Sooner or later, it was bound to happen. After six years of keeping expenses down-largely through eschewing the associate salary wars of the late 1990s and dramatic ramp-ups in head count-law firms unloosened the purse strings. First-year associate salaries rose sharply, especially among Am Law 100 firms. So did hiring numbers. Both moves were made in anticipation of a law firm economy that would continue to produce the roughly double-digit increases in profits and gross revenues the industry has enjoyed over the last six years.

It certainly seemed like a reasonable assumption, given the strength of the legal economy in recent years. That strong revenue growth continued through the first six months of the year, according to data reported by the Law Firm Group at Citi Private Bank in our latest flash report.
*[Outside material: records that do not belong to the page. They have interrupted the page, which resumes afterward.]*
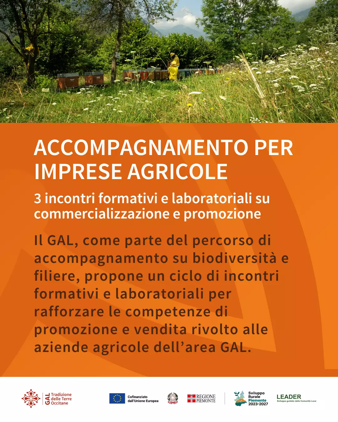 è nostro piacere informarvi che il GAL Tradizione delle Terre Occitane, nell’ambito delle attività di accompagnamento su biodiversità e filiere, prosegue il percorso dedicato alle aziende agricole dell’area GAL, con l’obiettivo di rafforzare le competenze nella promozione, comunicazione e commercializzazione dei prodotti locali.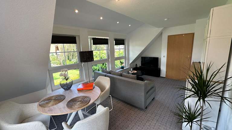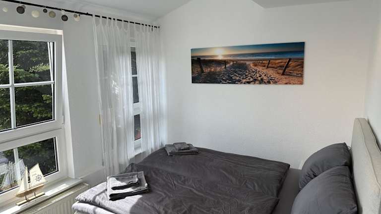 Die Ferienwohnung verfügt über ein Schlafzimmer und ein Wohnzimmer. Zur Ausstattung gehören ein Flachbild-TV sowie eine gut ausgestattete Küche mit Kühlschrank und Ofen. Des Weiteren gibt es ein Badezimmer mit Dusche. Handtücher und Bettwäsche werden bereitgestellt.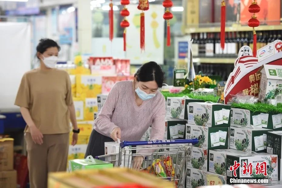 4月11日,上海金山区枫泾镇,居民在超市选购物品。中新社记者 田雨昊 摄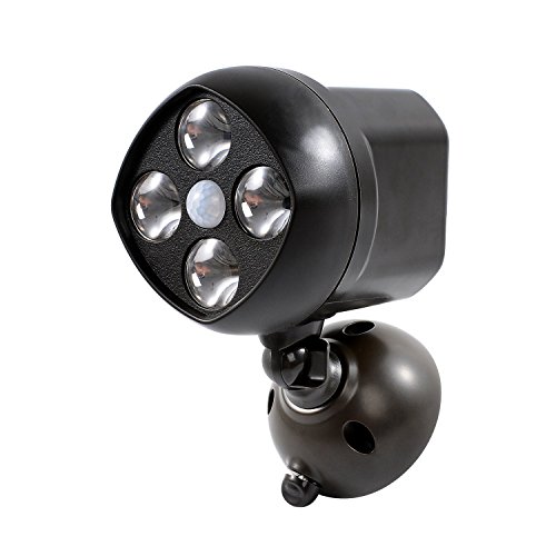 LEDemain Super Bright Spotlight IR Motion Sensor Security Light Battery Powered 8W 4 LEDs Waterproof Wireless Wall Light for Outdoor / Indoor(600-lumen)

But for the first time since 2001, expense growth actually outpaced that of revenue from January through June, depressing profit margins. This could be the first sign that firms face rough seas ahead. The first half of 2007 did provide firms with enough momentum to produce what we believe will be respectable profit growth for the year, if not the gaudy increases firms have become accustomed to since 2001. However, in the second half of 2007, expenses will almost certainly continue their climb, propelled by the costs of associate salary increases and rising attorney numbers, along with escalating real estate and technology costs. On the revenue side, transactional work has dropped off sharply as the mortgage lending credit crisis continues to play out. And those old stalwarts of an economic slowdown-litigation and bankruptcy-have yet to fill in the gap created by the absence of transactional work. Unless business picks up, firms could find themselves struggling a bit in 2008.